[Opening Data for the task section]

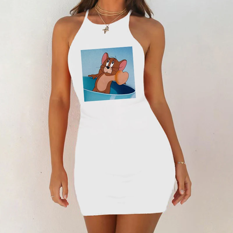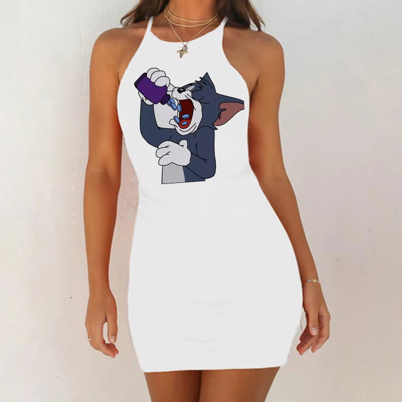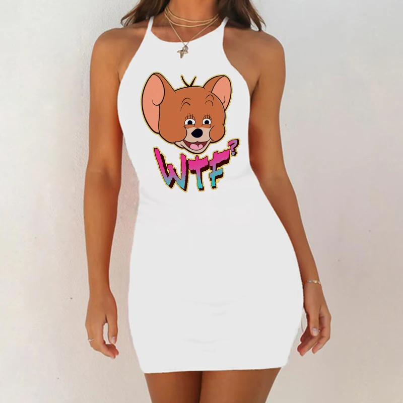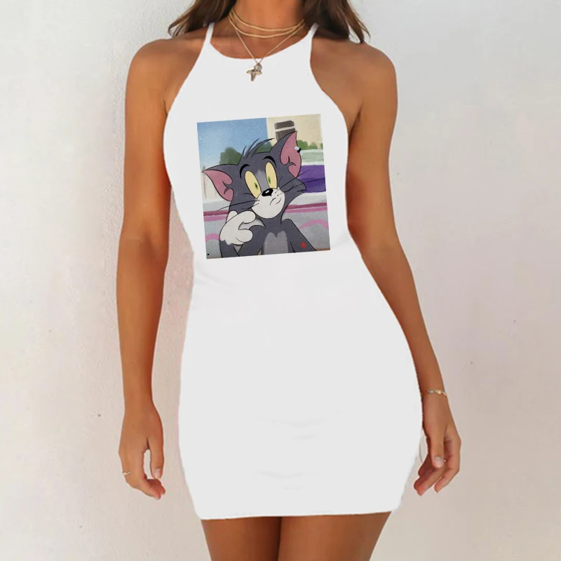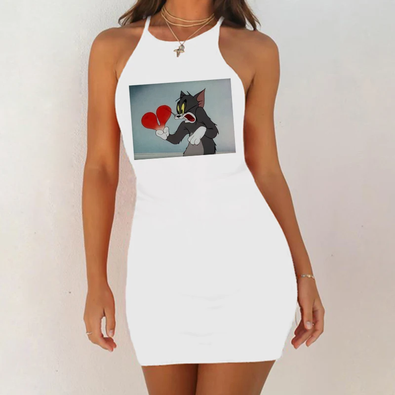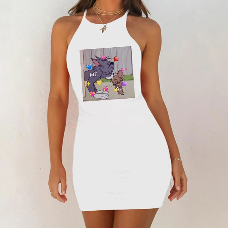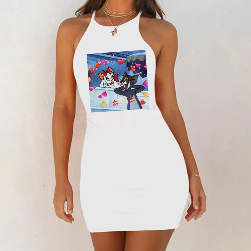 Женское сексуальное платье, Забавное платье с принтом кошек и мышей, женское платье для ночного клуба 2020, облегающее мини-платье на бретельках
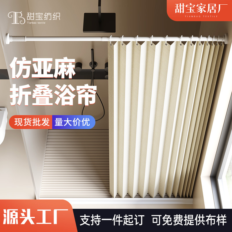 Tirai mandi lipat kamar mandi, tirai kamar mandi tidak terlihat dipertebal bebas lubang, gorden partisi tahan air kamar mandi
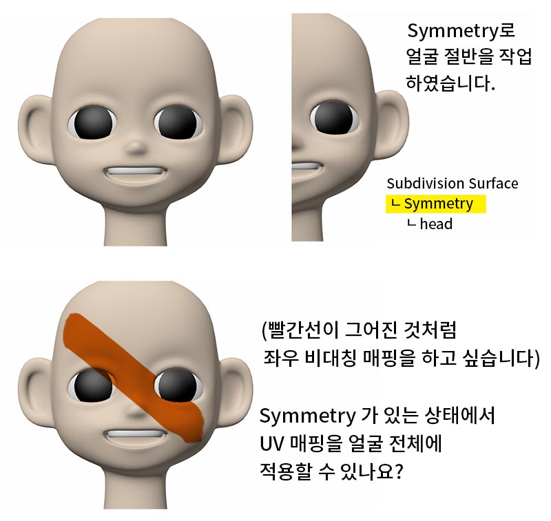 Symmetry 로 얼굴을 만들었는데요, 이 상태를 유지한 채
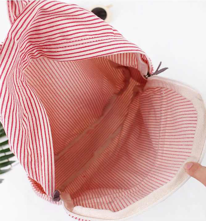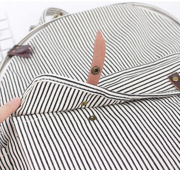 Stay stylish with this cotton leisure fabric backpack perfect for everyday use. Features striped design and ample space for all your essentials.
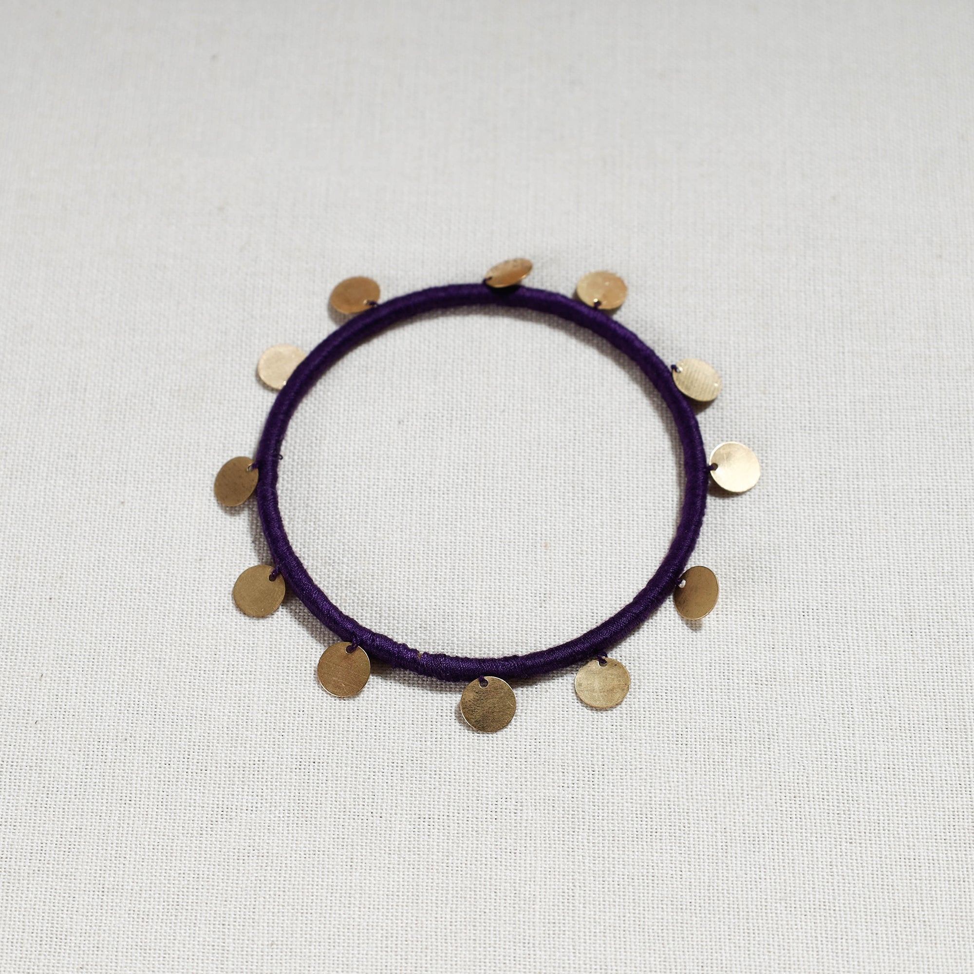Purple patwa bangle is made from thick weaves of thread and sequin work, handcrafted by the master craftsmen Kailash Patwa. Patwa is a thread craft that originated in Rajasthan and is now practised in parts of the state. Patwa is derived from the Hindi word 'pat,' which means silk, and those involved in the silk and cotton thread business are known as Patwas.
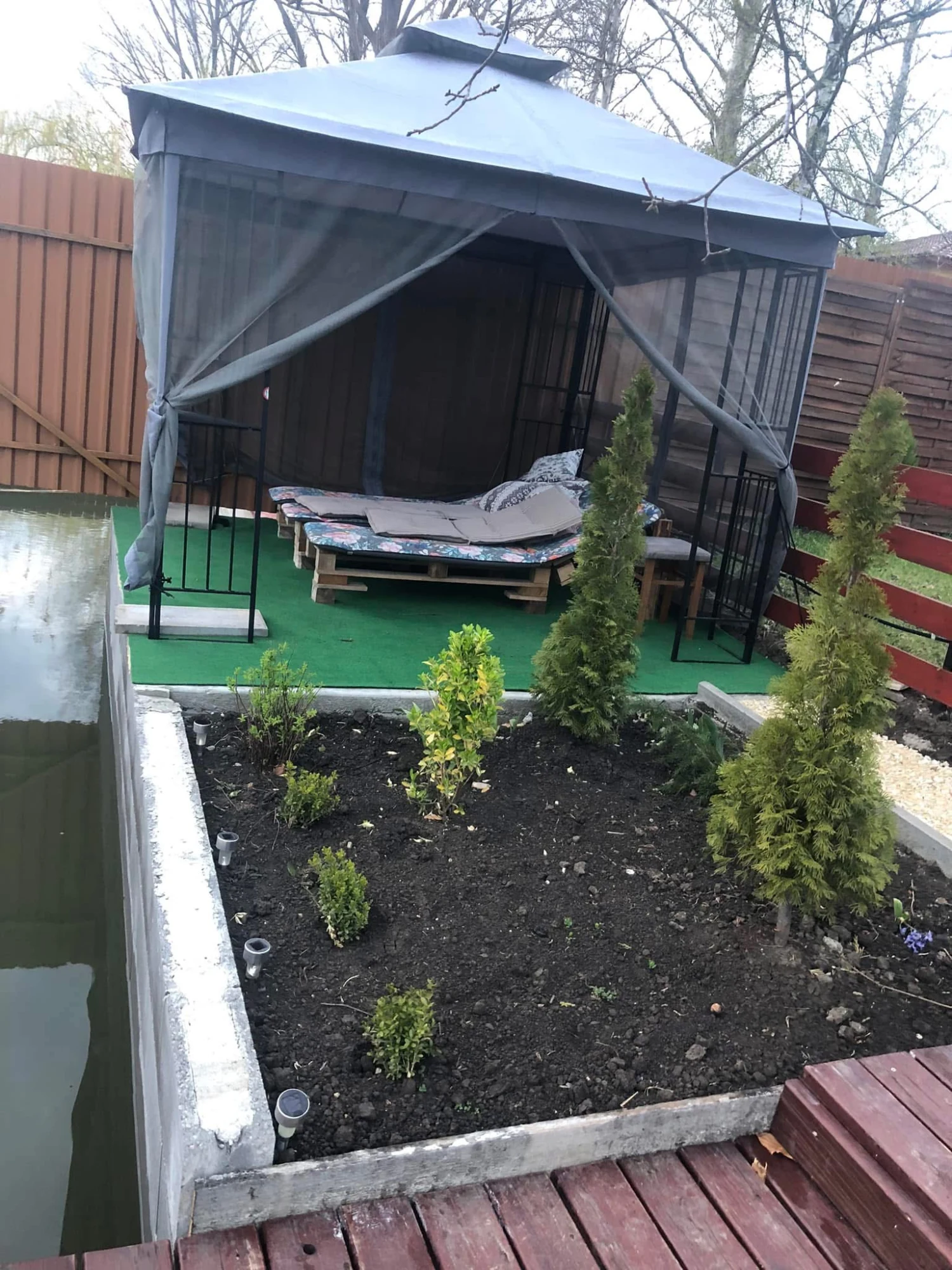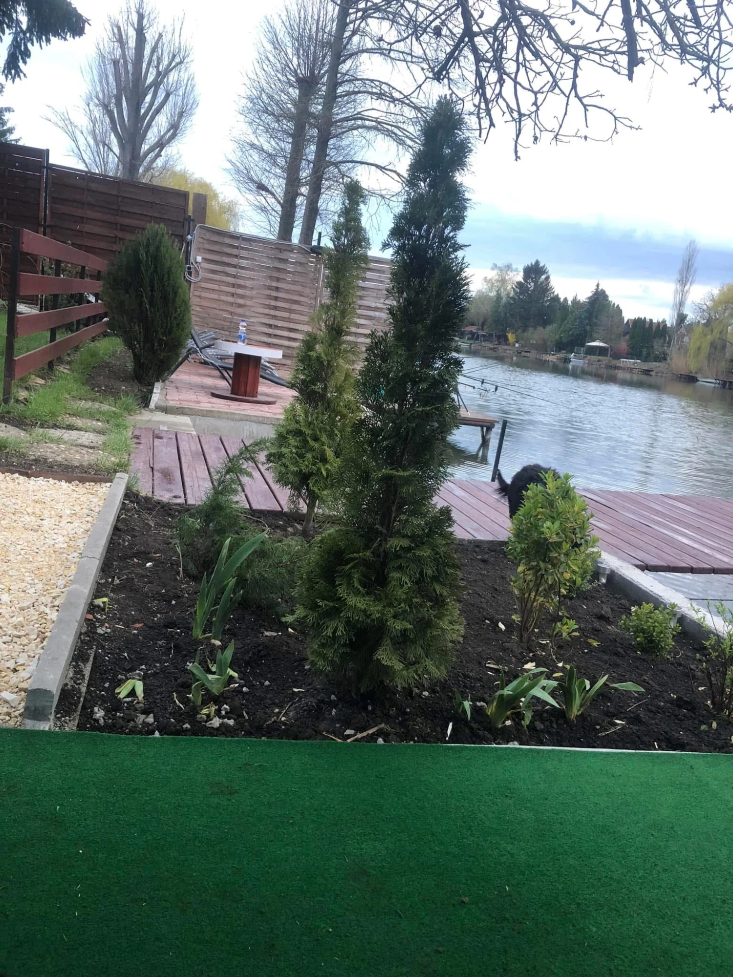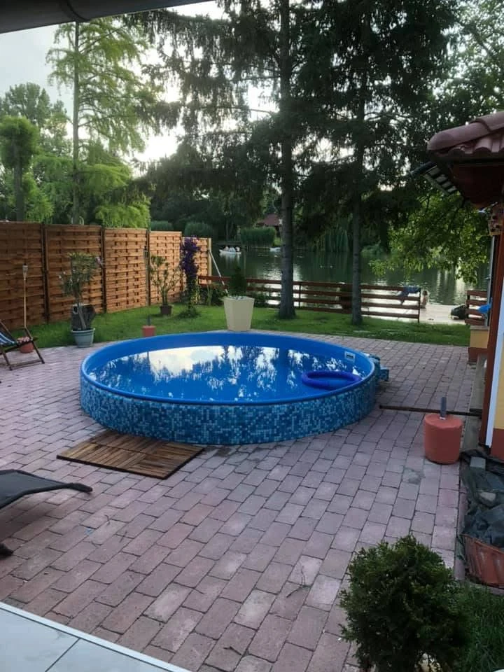 A nappaliból kilépve egy hangulatos fedett, üvegfalas terasz fogadja Vendégeinket, ahol finn szauna, valamint 6 személyes rattan bútor biztosítja a kényelmet. Szintén itt található egy tűzhellyel és mosogatóval felszerelt nyári konyha. A kertben a Holt-Körösre néző kilátással egy 3 x 1,2 méteres kör alkú medence gondoskodik a kikapcsolódásról, továbbá 6 napozóágy biztosítja a nyugodt pihenést. Az udvarban szabadtéri sütögető illetve bográcsozóhely csábítja Vendégeinket a kültéri főzésre, melyhez grill, bogrács, nyársak biztosítottak, viszont a tűzifáról kedves Vendégeinknek szükséges gondoskodni. A 14 méter széles kiépített vízpart és a 10 nm-es stég lehetőséget ad horgászatra, napozásra, a csónakkal pedig lehetőség nyílik a festői vízpart bebarangolására. A 4 oldalról zárt udvarban 3-4 gépkocsi parkolása biztosított. A gyerekeket egy trambulin várja az udvarban.A kert, vízpart területe biztonsági kamerákkal ellátott.
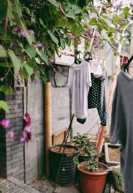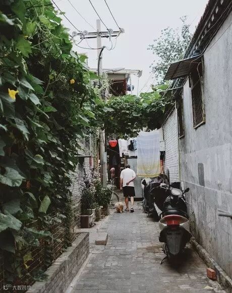入秋一个月了,路边的银杏开始泛黄,胡同里仍是绿油油一片。葫芦、丝瓜、倭瓜和紫豆角的藤蔓乱蓬蓬地冲天长,爬到电线上,覆了半面墙,遮了原本涂在墙上的拆字。十多寸长的丝瓜和硕大的葫芦肆意地结在藤上,之前开的黄花谢了,落了一地,墙角边开着茑萝、牵牛花和紫茉莉,破败的墙体成了植物的城堡。
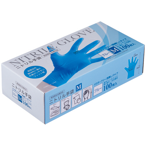 ニトリル手袋 パウダーフリー M ブルー 1箱(100枚) 【5-8営業日遅延】
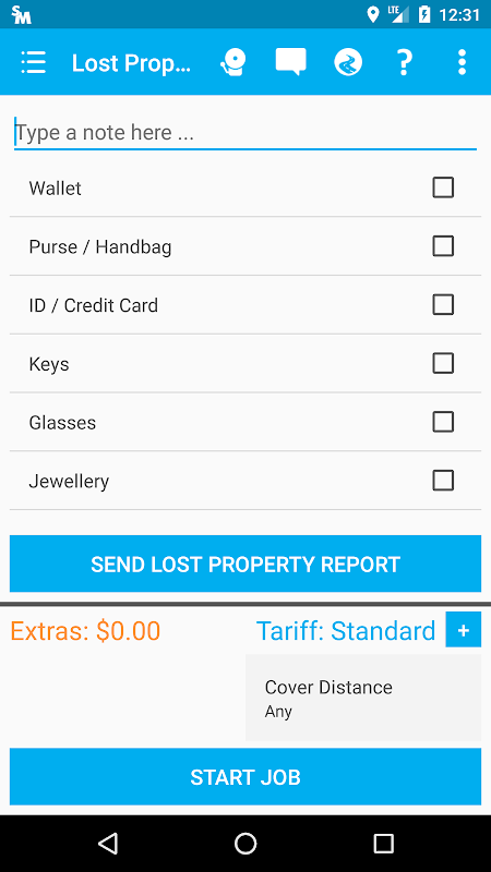 * Hardware controls: The app can record audio if the driver wants to leave a voice message for the operators
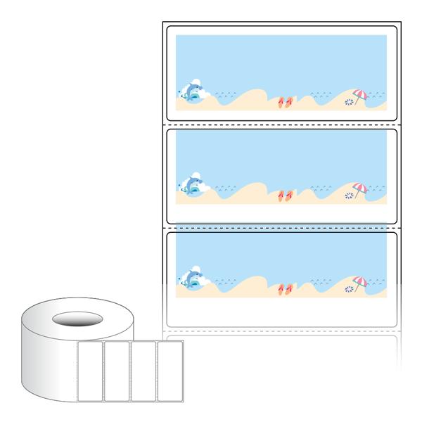 출력용 롤타입 스티커 디자인 라벨지, 규격코드: RL8535, 디자인코드: DA1792(해변가), 85 x 35 (mm) , 지관: 75mm

[Closing Data for the task section]

Exercise instructions | Give back the entries verbatim. Do not include any picture.

Output for this exercise |
 Женское сексуальное платье, Забавное платье с принтом кошек и мышей, женское платье для ночного клуба 2020, облегающее мини-платье на бретельках
 Tirai mandi lipat kamar mandi, tirai kamar mandi tidak terlihat dipertebal bebas lubang, gorden partisi tahan air kamar mandi
 Symmetry 로 얼굴을 만들었는데요, 이 상태를 유지한 채
 Stay stylish with this cotton leisure fabric backpack perfect for everyday use. Features striped design and ample space for all your essentials.
Purple patwa bangle is made from thick weaves of thread and sequin work, handcrafted by the master craftsmen Kailash Patwa. Patwa is a thread craft that originated in Rajasthan and is now practised in parts of the state. Patwa is derived from the Hindi word 'pat,' which means silk, and those involved in the silk and cotton thread business are known as Patwas.
 A nappaliból kilépve egy hangulatos fedett, üvegfalas terasz fogadja Vendégeinket, ahol finn szauna, valamint 6 személyes rattan bútor biztosítja a kényelmet. Szintén itt található egy tűzhellyel és mosogatóval felszerelt nyári konyha. A kertben a Holt-Körösre néző kilátással egy 3 x 1,2 méteres kör alkú medence gondoskodik a kikapcsolódásról, továbbá 6 napozóágy biztosítja a nyugodt pihenést. Az udvarban szabadtéri sütögető illetve bográcsozóhely csábítja Vendégeinket a kültéri főzésre, melyhez grill, bogrács, nyársak biztosítottak, viszont a tűzifáról kedves Vendégeinknek szükséges gondoskodni. A 14 méter széles kiépített vízpart és a 10 nm-es stég lehetőséget ad horgászatra, napozásra, a csónakkal pedig lehetőség nyílik a festői vízpart bebarangolására. A 4 oldalról zárt udvarban 3-4 gépkocsi parkolása biztosított. A gyerekeket egy trambulin várja az udvarban.A kert, vízpart területe biztonsági kamerákkal ellátott.
入秋一个月了,路边的银杏开始泛黄,胡同里仍是绿油油一片。葫芦、丝瓜、倭瓜和紫豆角的藤蔓乱蓬蓬地冲天长,爬到电线上,覆了半面墙,遮了原本涂在墙上的拆字。十多寸长的丝瓜和硕大的葫芦肆意地结在藤上,之前开的黄花谢了,落了一地,墙角边开着茑萝、牵牛花和紫茉莉,破败的墙体成了植物的城堡。
 ニトリル手袋 パウダーフリー M ブルー 1箱(100枚) 【5-8営業日遅延】
 * Hardware controls: The app can record audio if the driver wants to leave a voice message for the operators
 출력용 롤타입 스티커 디자인 라벨지, 규격코드: RL8535, 디자인코드: DA1792(해변가), 85 x 35 (mm) , 지관: 75mm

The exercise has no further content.